Browser extensions can have more access to your webpages than you might expect. It's unlikely that all of your browser extensions need full access to all of your websites, so it's important to occasionally review the extensions you have installed to make sure you've granted them the minimum amount of access they need to function.
4) Enable full-disk encryption on your computer.
Full-disk encryption means that the data you put into your computer is also encrypted automatically. It encrypts your files, your installed programs, and even your operating system. Full-disk encryption ensures that even if your computer gets stolen, thieves cannot steal your computer data.
If you don't, ask! We make it as straightforward as possible to learn about how LACRM keeps your data secure, and most software companies do as well. It might seem like a chore but give those documents at least a skim so you know what is being done to protect your data.
1) Email your passwords to anyone, or keep it stored written down somewhere.
No software company should ever require you to email your password to them to log in. If you accidentally email your password to someone, immediately change your password to something else. If you're using a password manager already, share passwords through that password manager. This negates the need to email or tell anyone your password.
Important note: if a software company does require you to read out your password, or emails your password to you, stop using that software. Passwords need to be encrypted and if someone working at a software company knows your exact password, it means that they are not encrypting your password and is therefore highly insecure.
2) Set up a "default" password like "password" or "123456".
This one is a no-brainer, yet millions of accounts still use these default passwords.
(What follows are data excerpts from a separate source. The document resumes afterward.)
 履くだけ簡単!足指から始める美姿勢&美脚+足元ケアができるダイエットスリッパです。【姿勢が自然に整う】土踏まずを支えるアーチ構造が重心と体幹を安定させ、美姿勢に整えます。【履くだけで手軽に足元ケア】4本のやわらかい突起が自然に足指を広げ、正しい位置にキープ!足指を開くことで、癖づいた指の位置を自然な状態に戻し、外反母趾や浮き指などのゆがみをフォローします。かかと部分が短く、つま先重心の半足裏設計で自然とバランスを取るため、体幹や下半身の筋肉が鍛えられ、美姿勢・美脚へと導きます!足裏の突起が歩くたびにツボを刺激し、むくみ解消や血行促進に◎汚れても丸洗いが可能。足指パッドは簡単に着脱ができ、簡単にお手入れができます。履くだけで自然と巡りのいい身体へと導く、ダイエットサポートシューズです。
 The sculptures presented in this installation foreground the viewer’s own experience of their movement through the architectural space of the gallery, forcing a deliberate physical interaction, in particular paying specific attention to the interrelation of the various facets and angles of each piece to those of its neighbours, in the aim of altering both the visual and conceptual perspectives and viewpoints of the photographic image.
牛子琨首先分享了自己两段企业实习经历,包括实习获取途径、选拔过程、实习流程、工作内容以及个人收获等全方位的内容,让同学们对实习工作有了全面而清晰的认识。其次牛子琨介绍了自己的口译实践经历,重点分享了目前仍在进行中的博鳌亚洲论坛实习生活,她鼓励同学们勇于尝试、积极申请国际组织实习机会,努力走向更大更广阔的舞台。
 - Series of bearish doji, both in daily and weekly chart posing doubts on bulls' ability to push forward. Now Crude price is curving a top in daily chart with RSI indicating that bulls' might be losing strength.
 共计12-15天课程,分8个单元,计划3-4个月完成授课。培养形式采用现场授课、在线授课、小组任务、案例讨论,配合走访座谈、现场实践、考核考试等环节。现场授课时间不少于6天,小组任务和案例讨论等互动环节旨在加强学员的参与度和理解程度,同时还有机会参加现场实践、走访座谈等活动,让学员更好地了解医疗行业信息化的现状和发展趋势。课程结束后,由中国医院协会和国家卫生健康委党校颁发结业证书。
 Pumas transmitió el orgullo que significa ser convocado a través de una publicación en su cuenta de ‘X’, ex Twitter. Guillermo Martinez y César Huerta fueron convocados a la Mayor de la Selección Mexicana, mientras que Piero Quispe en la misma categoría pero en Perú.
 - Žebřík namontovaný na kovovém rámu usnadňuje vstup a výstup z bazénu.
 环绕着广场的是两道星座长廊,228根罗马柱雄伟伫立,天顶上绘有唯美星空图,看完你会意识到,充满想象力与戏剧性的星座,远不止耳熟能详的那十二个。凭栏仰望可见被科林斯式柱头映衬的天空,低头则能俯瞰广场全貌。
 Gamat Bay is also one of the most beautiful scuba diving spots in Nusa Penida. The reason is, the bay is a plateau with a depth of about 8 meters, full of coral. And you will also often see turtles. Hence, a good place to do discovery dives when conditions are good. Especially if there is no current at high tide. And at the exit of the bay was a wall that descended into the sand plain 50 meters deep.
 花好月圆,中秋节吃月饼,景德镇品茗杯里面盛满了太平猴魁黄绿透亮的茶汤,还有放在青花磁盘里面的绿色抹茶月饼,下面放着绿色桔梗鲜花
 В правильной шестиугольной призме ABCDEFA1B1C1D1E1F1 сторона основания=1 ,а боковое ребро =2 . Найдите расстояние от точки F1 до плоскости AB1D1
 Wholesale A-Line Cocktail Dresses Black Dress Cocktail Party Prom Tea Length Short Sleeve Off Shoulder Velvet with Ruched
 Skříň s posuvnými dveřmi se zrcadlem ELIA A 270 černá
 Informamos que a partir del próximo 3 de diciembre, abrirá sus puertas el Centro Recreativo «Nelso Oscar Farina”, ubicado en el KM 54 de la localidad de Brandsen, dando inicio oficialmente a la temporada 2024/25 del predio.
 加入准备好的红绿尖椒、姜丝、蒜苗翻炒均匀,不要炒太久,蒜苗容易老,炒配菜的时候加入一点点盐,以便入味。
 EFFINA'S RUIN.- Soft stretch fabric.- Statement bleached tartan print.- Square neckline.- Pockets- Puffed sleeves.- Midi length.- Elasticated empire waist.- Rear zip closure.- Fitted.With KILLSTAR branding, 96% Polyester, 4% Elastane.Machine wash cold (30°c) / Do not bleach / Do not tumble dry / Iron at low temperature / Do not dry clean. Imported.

Take a look at 2020's list of most common passwords, as well as how easy they are to hack here. That little bit of convenience with using easy-to-hack passwords might feel like it's saving you a lot of time, but it's not worth compromising yours and your clients' personal and private data to shave off those few seconds.
3) Rely on email or SMS authentication if an authentication app is available.
If you have two-factor authentication turned on, that's already doing more than half the work for you. But to really make your 2FA even more secure, you should make sure you are setting it up with an authentication app like Google Authenticator or Authy. Why?
Email is less secure than using an app because if someone hacks into your email program, they'll have access to any 2FA code and can reset your passwords on any software program, which will almost entirely ensure full account loss.
SMS authentication is less secure than using an app because it is very easy for a hacker to receive your SMS messages if they know your phone number (they can just go to a mobile phone store and pretend to be you!).
4) Leave your "stay logged in" option for longer than a week.
Many pieces of software have an option for you to "stay logged in" -- it's convenient, it's fast, and it's useful if you're sitting in front of the computer for most of your day. But it becomes a problem if you set your software to stay logged in always (i.e. until you log out), or for weeks or months at a time. The reason to not do this is simple: if you leave your computer logged in and unattended, anyone can access your software accounts.
A safe compromise would be to keep yourself logged in for a week at most. Setting your "stay logged in" option to just 10 minutes would be even more ideal especially if this is a software that you're not logging in to all the time (i.e. your password manager).
5) Re-use the same password! (Just don't do it).
If there is only one thing you take away from this article, this should be it. The easiest thing to protect your accounts is to use a unique password for every single piece of software you log in to. Sure, it might feel like a chore, but with how often we hear about data breaches (just search for your email address here to see how often your own information has been leaked in a breach), this is the simplest way to protect your data.